On February 20, 2001, the trial court issued an Order denying the
Omnibus Motion of the petitioner. The petitioner filed a Motion for
Reconsideration of the said order on March 31, 2000. The Provincial
Prosecutor opposed the motion. On May 16, 2001, the trial court issued an
Order denying the said motion holding that the petitioner had no absolute
power to grant exemptions under Section 28 of Republic Act No. 6648. The
trial court also held that the issue of whether or not the accused are exempt
from prosecution and consequent conviction for vote-buying is a matter
addressed to the Court and not to the petitioner.
In its petition at bar, the petitioner raises the following issues for
resolution, viz:
(1) WHETHER THE ACCUSED ARE EXEMPT FROM CRIMINAL PROSECUTION
PURSUANT TO SECTION 28 (4) OF R.A. No. 6646.
(2) WHETHER THERE IS NO NEED FOR AN EN BANC RESOLUTION REVOKING
THE AUTHORITY OF THE PROVINCIAL PROSECUTOR FROM HANDLING THE
CASES FILED IN COURT SINCE THE COMELEC EN BANC ALREADY DIRECTED
THE LAW DEPARTMENT TO FILE A MOTION TO DISMISS THESE CASES; [9]

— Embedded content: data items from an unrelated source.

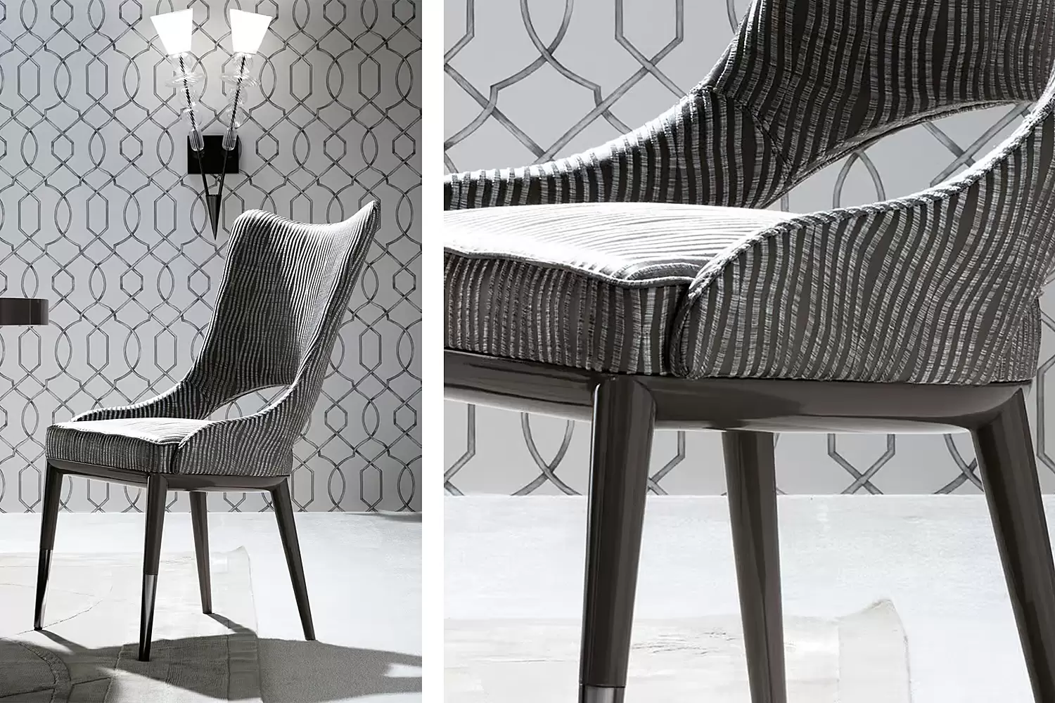 The two front legs feature a sleeve in black nickel steel, adding a contemporary flair to this elegant chair.
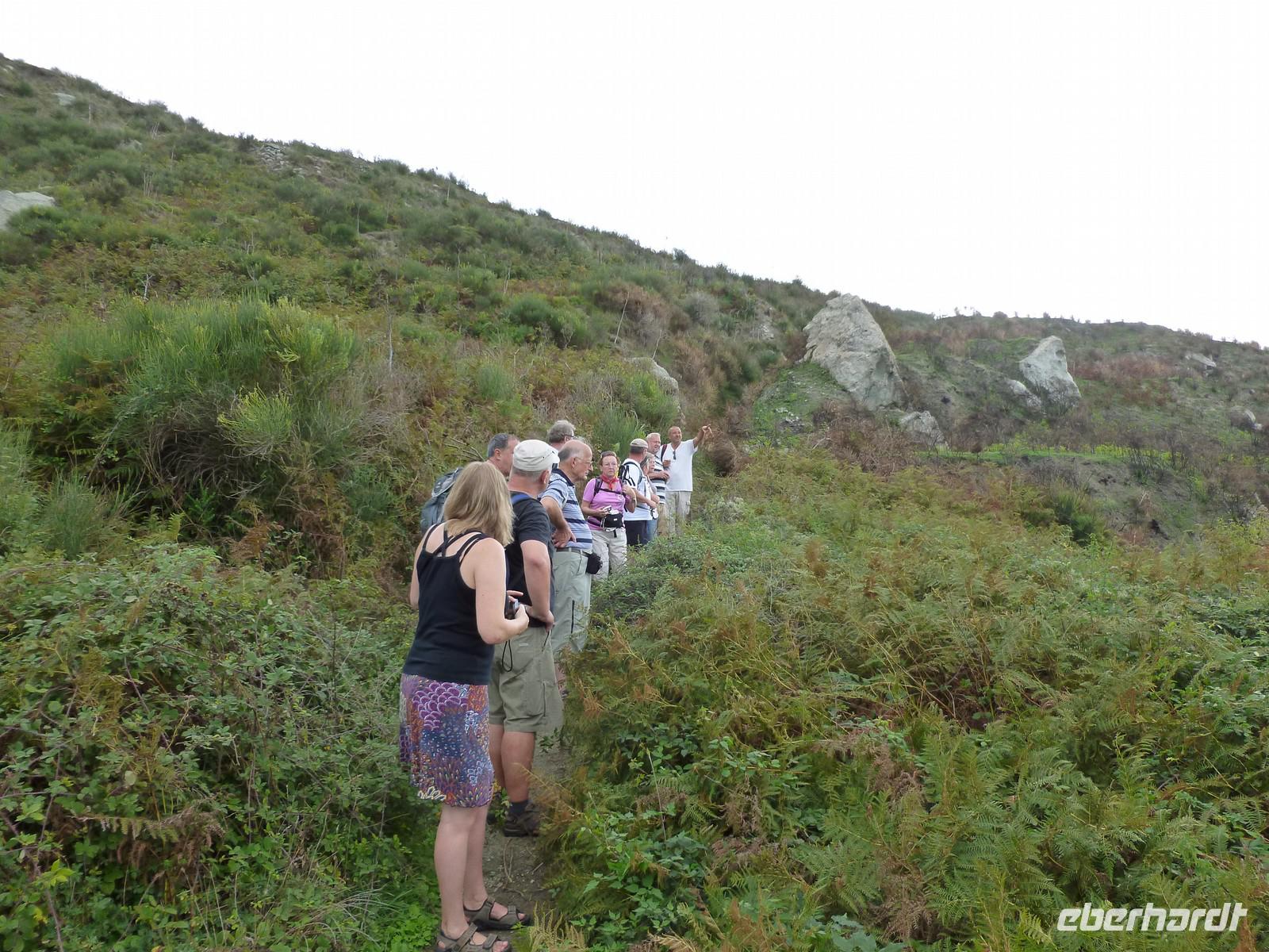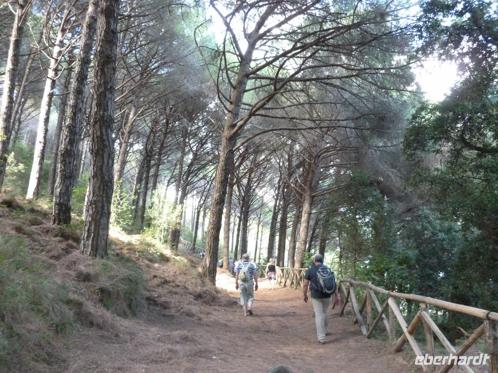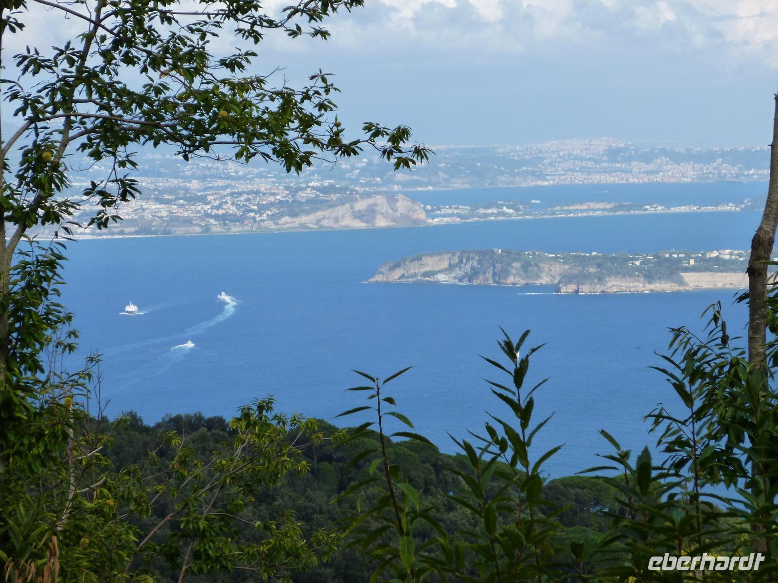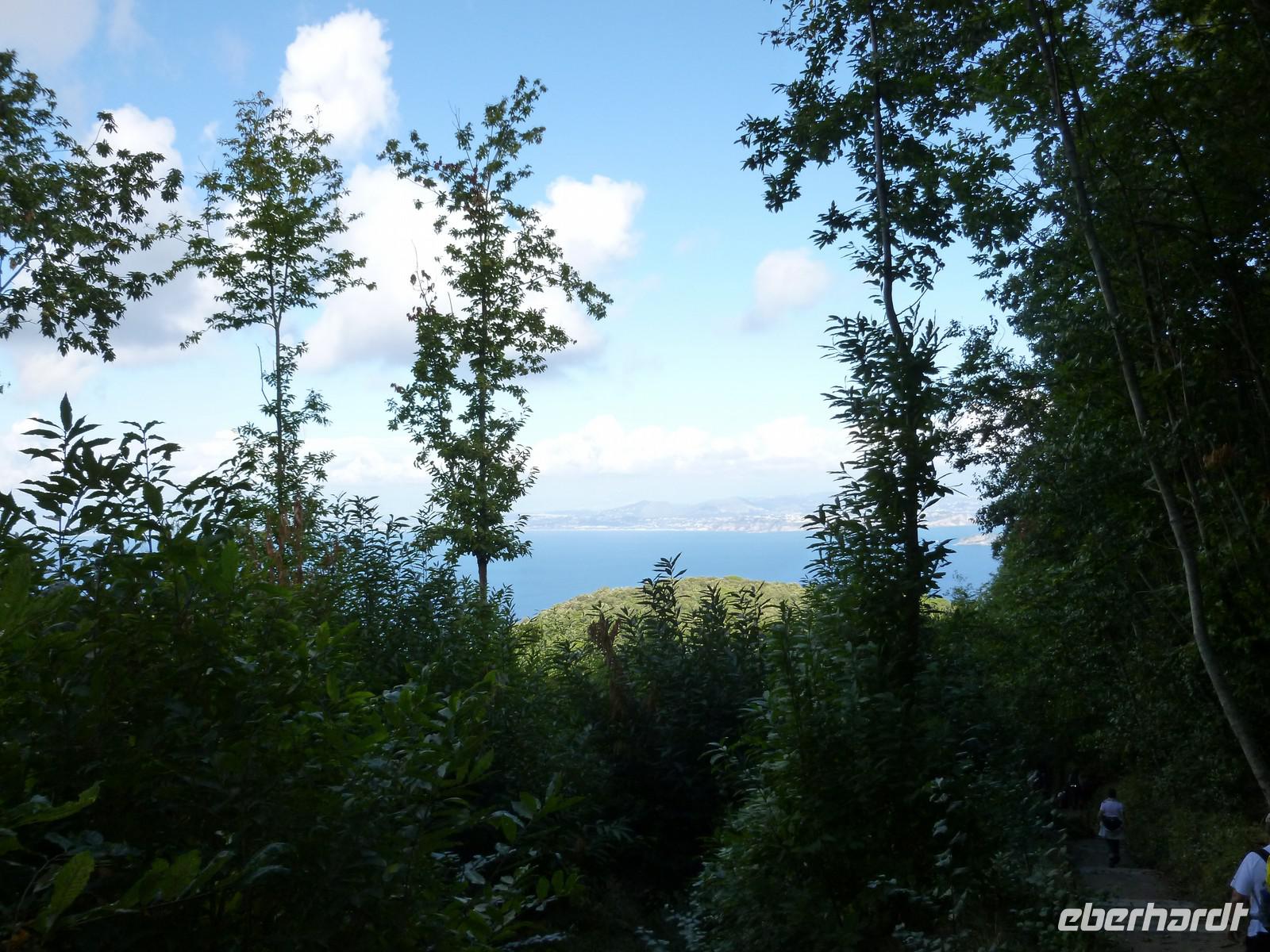 Dann liefen wir zum Wald-Restaurant „La Quieta" zur Mittagseinkehr. Ein großer Tisch war bereits für uns eingedeckt und der Wein stand bereit. Das typisch italienische Picknick bestand aus frischem Salat, Bruschetta und Spagetti. Das Meer glitzerte von fern in der Sonne. Auf unserem weiteren Weg kamen wir an Piano San Paolo vorbei. Auch zur Radarstation fand Livio ein paar Worte. Nun wanderten wir durch Wälder mit Maronen und Farnen bis zur Bucetoquelle, eine der wenigen Trinkwasserquellen auf Ischia. Immer wieder bekamen wir tolle Ausblicke auf das Meer, auf Procida und den Golf von Neapel. Da wir schnelle Füße hatten (ent-)führte uns Livio noch zum Wald der Maddalena, einem zauberhaften Pinienwald, und zum Fondo d' Oglio. Auch hier zeigte er uns Fumarolen. Am Ortseingang von Casamicciola wurden wir vom Bus abgeholt und zurück ins Hotel gefahren.
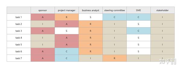R(Responsible)代表负责执行的人,A(Accountable)代表批准的人、C(Consulted)代表拥有完成项目所需的信息或能力的人员、I(Informed)代表应该被通知的人。
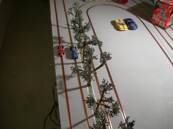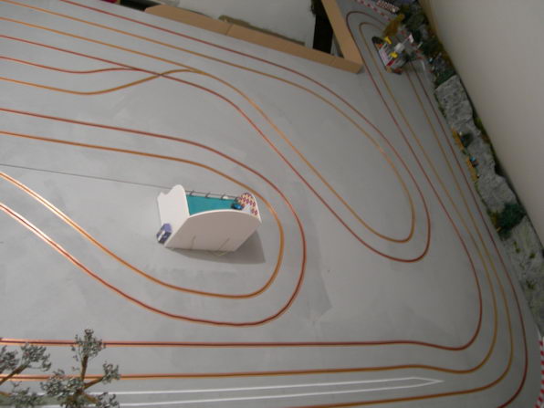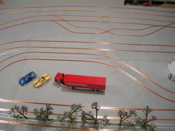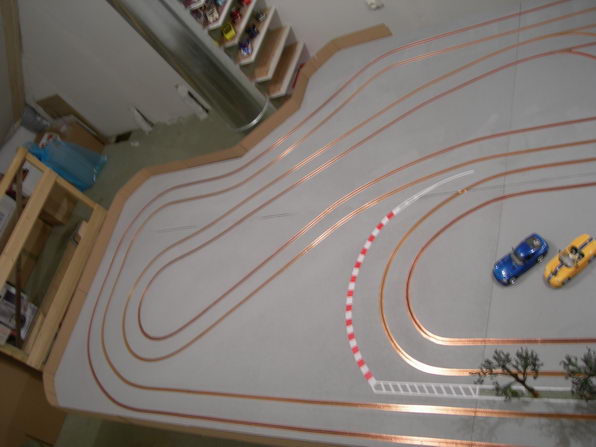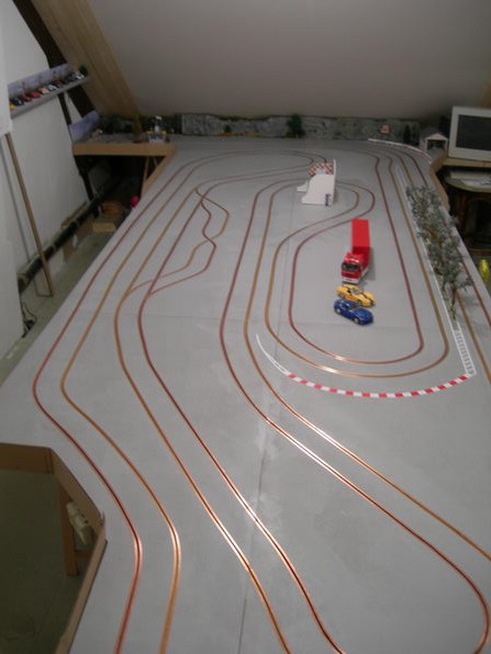 et puis le tout récent "pine creek raceway".. piste bois de..eeuuh......pas beaucoup!! pour vous faire une idée,regarder pendant 5 minutes mon avatar!! plateau de 3,20mx0,90m. en cours de finition...

On the first issue, the petitioner contends that the complainantsappellees in I.S. No. 1-99-1080 failed to file any motion for the
reconsideration of the petitioners Resolution No. 00-2453 reversing
Resolution No. 00-1378 which, in turn, dismissed the respondents-appellants
appeal. Neither did the said complainants-appellees file a petition for
certiorari under Rule 65 of the Rules of Court from its Resolution No. 002453. Consequently, Resolution No. 00-2453 has become final and
executory; hence, is binding and conclusive on the complainants-appellees,
the Office of the Provincial Prosecutor and the herein respondent judge. The
petitioner further asserts that the respondents-appellants motion for
reconsideration in I.S. No. 1-99-1080 of COMELEC Resolution No. 00-1378 is
not a prohibited pleading under Rule 13, Section 1, paragraph (d) of the
COMELEC Rules of Procedure.
According to the petitioner, the prosecution of election offenses is under
its sole control. Any delegation of its authority to the Provincial or City
Prosecutor to prosecute election cases may be revoked or withdrawn by it,
expressly or impliedly, at any stage of the proceedings in the RTC. The
petitioner, through Atty. Michael Valdez of its Law Department, had already
entered his appearance for the petitioner as public prosecutor before the
respondent judge. The Provincial Prosecutor was, thus, ipso facto divested of
his authority, as deputized prosecutor, to represent the petitioner on the
motion to dismiss and to prosecute the cases before the respondent judge.
The respondent judge, for her part, avers that COMELEC Resolution No.
00-2453 was approved only by four of the seven members of the petitioner
sitting en banc, and as such, could not have validly revoked Resolution No.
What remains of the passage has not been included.